17/8 kicks a$$. Love the groove, love the lyrics, hate that vocal "style".


----------



## Rogerx

Recks Roller said:


> I believe Sister Andrea is actually in four, it just sounds odd due to musical phrasing. Not to downplay the incredible work out into this list.


Nice first post, welcome to Talk Classical.


----------



## Red Terror

Bwv 1080 said:


> 17 quarter note beat pattern against 4/4
> 
> 
> 
> 
> 
> 
> 
> 
> 
> 
> 
> 
> 
> 
> 
> https://freebasstranscriptions.com/rhythmic-displacement-meshuggahs-do-not-look-down/


All of Meshugga's is music is essentially in 4/4 time. They've said so themselves.


----------



## Bwv 1080

Red Terror said:


> All of Meshugga's is music is essentially in 4/4 time.
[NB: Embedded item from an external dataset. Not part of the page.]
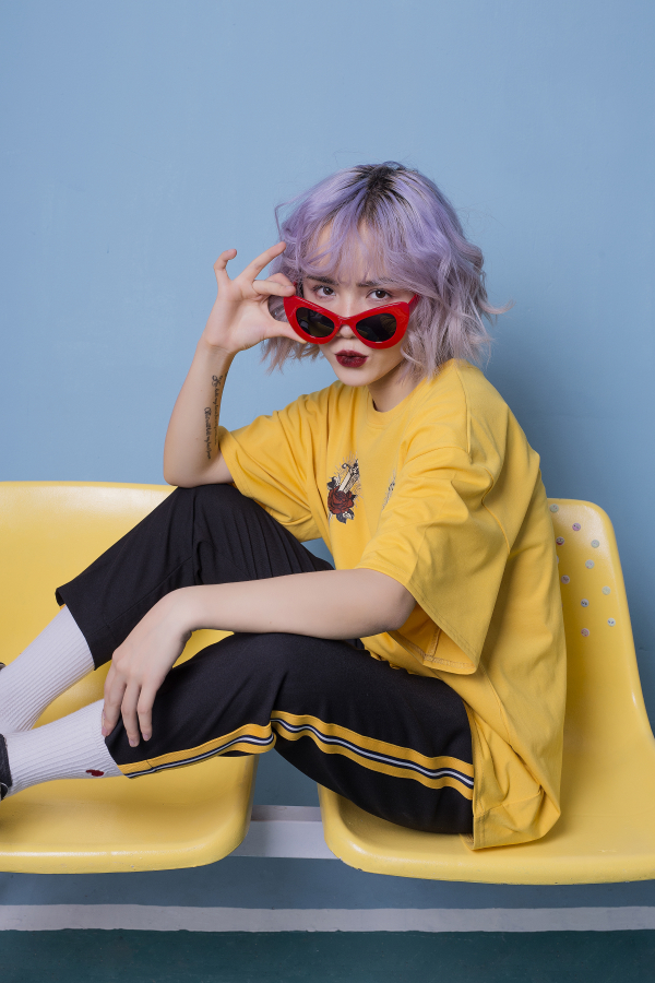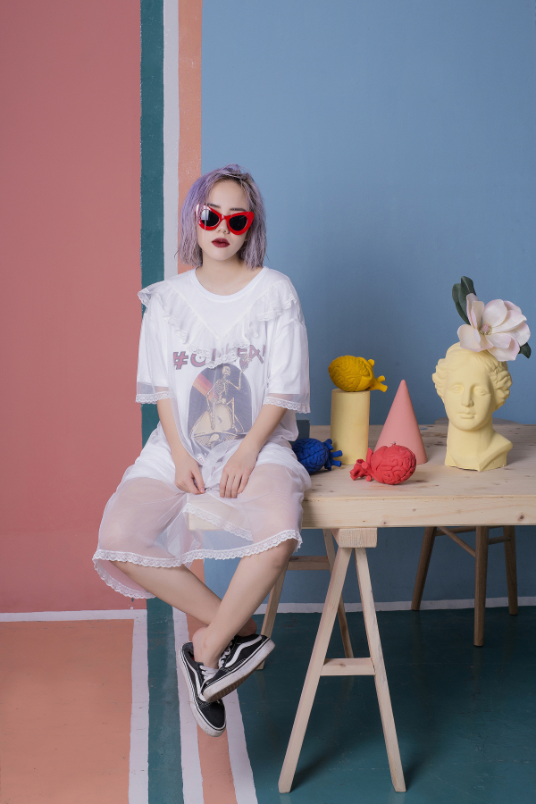 Có thể thấy đạo cụ của concept Neo-Memphis luôn đặc biệt và thú vị, biểu cảm cô nàng cũng khá sinh động với mái tóc xõa đầy gợi cảm.

They've said so themselves.


It's polyrhythmic- the tension is the odd-number patterns (17 in the example I posted) clashing and overlapping with 4/4

The 17 beat figure above will repeats against every 17 bars of 4/4


----------



## Recks Roller

Recks Roller said:


> I believe Sister Andrea is actually in four, it just sounds odd due to musical phrasing. Not to downplay the incredible work out into this list.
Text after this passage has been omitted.